Lélis, em seguida, rebateu as acusações, explicando que o partido não usou suas acusações para expulsá-lo do partido.

“O Podemos não usou da minha acusação, como também não tenho nenhum contato com ninguém do partido. E não fui condenada a pagar nada como também não fugi do Brasil, por ser legalmente casada com um (norte-)americano, tenho o direito. Para de mentir, demônio”, escreveu.

Cassada

Na noite passada, por 6 votos a 1, o Tribunal Superior Eleitoral (TSE) decidiu cassar o mandato da senadora Selma Arruda (Podemos-MT) por abuso de poder econômico e caixa 2 nas eleições do ano passado. Conhecida como Juíza Selma, a parlamentar aposentou-se da magistratura e concorreu ao cargo pelo PSL. Foi eleita (com 678,5 mil votos) adotando um discurso de combate radical à corrupção, o que lhe rendeu o apelido de “Moro de saia”, em referência ao ex-juiz Sergio Moro.

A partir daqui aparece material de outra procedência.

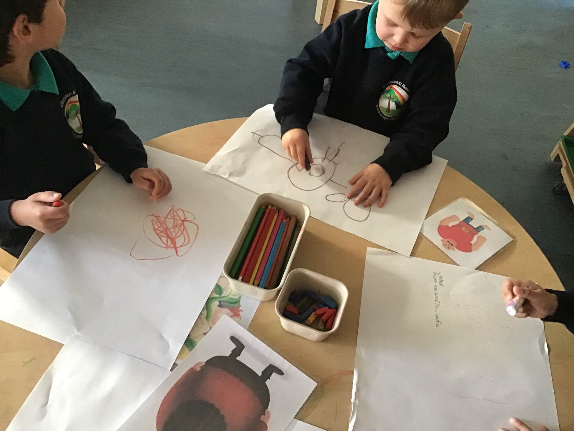 We also enjoyed doing some observational drawing of giants, we used picture prompts and our own ideas about what giants look like. The children are really noticing details and putting more detailed ideas into their pictures. Take a look at some of our amazing pictures.

Em abril, o Tribunal Regional Eleitoral (TRE) de Mato Grosso cassou o mandato da senadora pela suposta omissão de R$ 1,2 milhão na prestação de contas da campanha do ano passado. Porém, Selma e seus suplentes recorreram ao TSE.

Na sessão do TRE, ao iniciar o julgamento do recurso da parlamentar, o relator, ministro Og Fernandes, votou pela cassação da chapa por entender que houve diversas irregularidades na campanha, como recebimentos e despesas “por dentro e por fora” que não constaram na contabilidade, além de propaganda e gastos fora do período eleitoral.

Abuso

No julgamento, o ministro Luís Felipe Salomão acompanhou o relator e disse que as provas que constam no processo mostram que mais de 70% dos recursos da campanha não tiveram escrituração contábil, obrigatória por lei. Para o ministro, a irregularidade, desequilibrou a disputa com os concorrentes.

“São fatos gravosos, entre tantos que foram anexados aos autos”, afirmou, na decisão. Em seguida, os ministros Tarcísio Vieira, Sergio Banhos, Luís Roberto Barroso, e a presidenta, Rosa Weber, também votaram pela cassação.

“É impossível negar que esses fatos (irregularidades) contrariam a legislação e contrariam a jurisprudência, caracterizando abuso de poder econômico”, disse Barroso, em seu voto. Por sua vez, Edson Fachin divergiu da maioria e entendeu que as irregularidades não são suficientes para autorizar a cassação.

Com a decisão, novas eleições para o cargo deverão ser convocadas pela Justiça Eleitoral de Mato Grosso, com data ainda a ser definida. A cassação também atinge o primeiro e o segundo suplentes, Gilberto Possamai e Clerie Fabiana. A parlamentar pode recorrer ao Supremo Tribunal Federal (STF) para tentar suspender a cassação.